=== Begin Enclosure ===
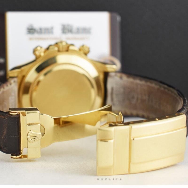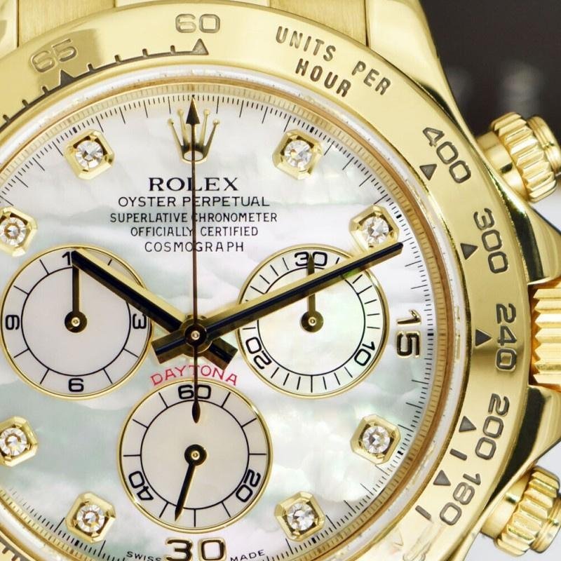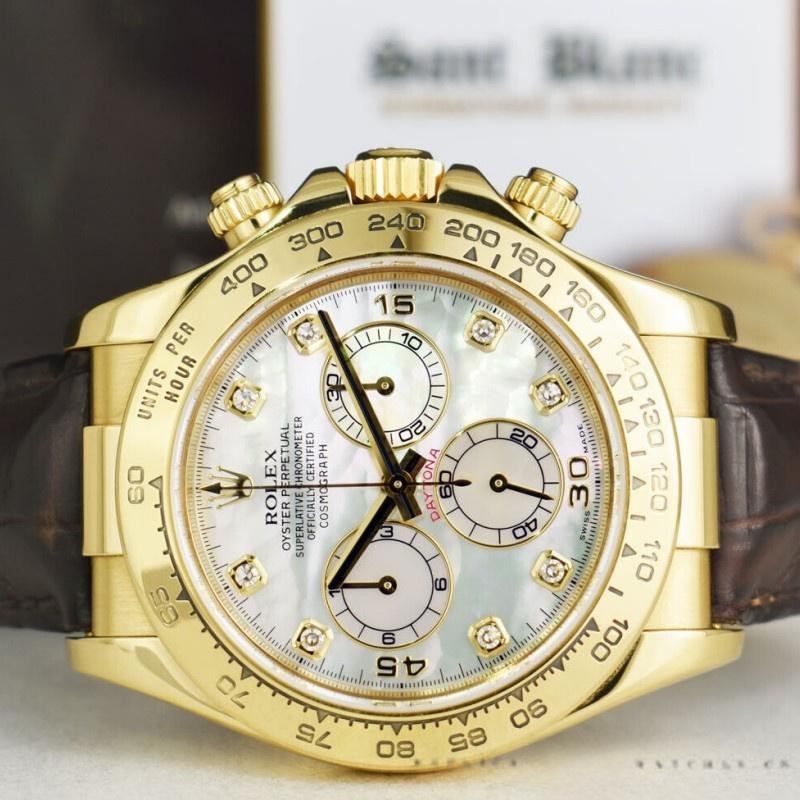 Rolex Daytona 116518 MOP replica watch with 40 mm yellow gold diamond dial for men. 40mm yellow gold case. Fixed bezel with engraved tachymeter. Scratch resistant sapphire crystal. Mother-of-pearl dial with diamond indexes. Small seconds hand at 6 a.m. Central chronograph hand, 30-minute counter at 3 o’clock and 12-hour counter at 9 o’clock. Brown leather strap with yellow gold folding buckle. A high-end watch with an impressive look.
=== End Enclosure ===
=== Begin Enclosure ===
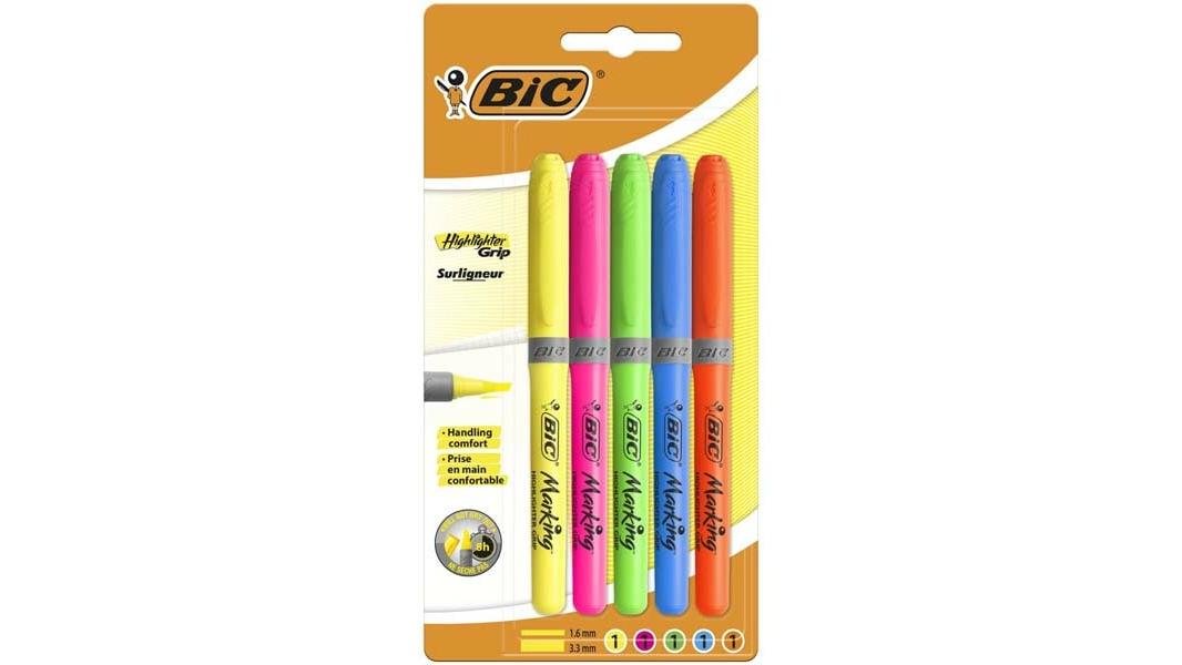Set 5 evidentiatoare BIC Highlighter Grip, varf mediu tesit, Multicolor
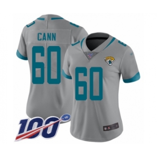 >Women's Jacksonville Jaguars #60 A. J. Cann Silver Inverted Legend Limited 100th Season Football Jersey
=== End Enclosure ===
▶ **What you will do**: From the listing above, restate verbatim the lines running from the one with "Set 5 evidentiatoare" through the one with "Season Football Jersey", inclusive, but not the pictures.

▶ **Response for this exercise**:
Set 5 evidentiatoare BIC Highlighter Grip, varf mediu tesit, Multicolor
 >Women's Jacksonville Jaguars #60 A. J. Cann Silver Inverted Legend Limited 100th Season Football Jersey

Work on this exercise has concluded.